== SUPPLIED DATA

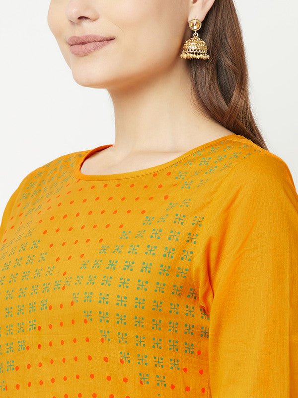 Aniyah Cotton Block Print Mustard Color Straight Kurta - S
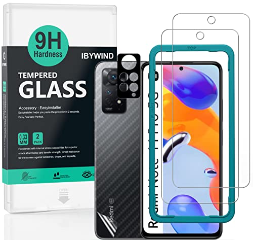 Ibywind Screen Protector for Xiaomi Redmi Note 11 Pro 5G/4G 6.67",[Pack of 2] with Camera Lens Cover (Metal Material), Rear Carbon Fiber Skin Cover, Including Easy Installation Kit
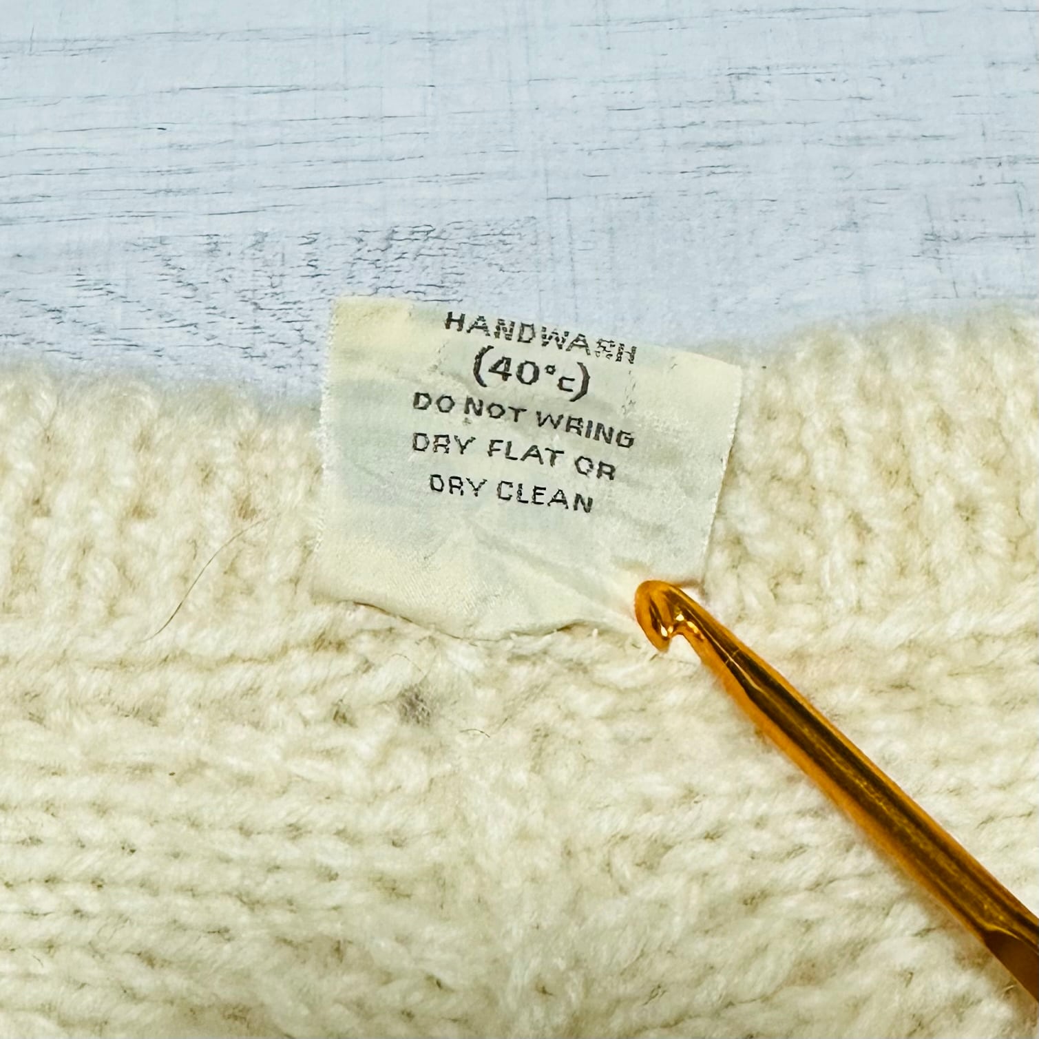 1980年代らしいタグデザインや洗濯表記(40℃手洗い/ドライ禁止)

====

*TASK GOAL:*
Leave out the pictures, then reproduce exactly the run of lines from the one that contains "Ibywind Screen Protector" to the final line of the listing above.

*PROBLEM SOLUTION:*
 Ibywind Screen Protector for Xiaomi Redmi Note 11 Pro 5G/4G 6.67",[Pack of 2] with Camera Lens Cover (Metal Material), Rear Carbon Fiber Skin Cover, Including Easy Installation Kit
 1980年代らしいタグデザインや洗濯表記(40℃手洗い/ドライ禁止)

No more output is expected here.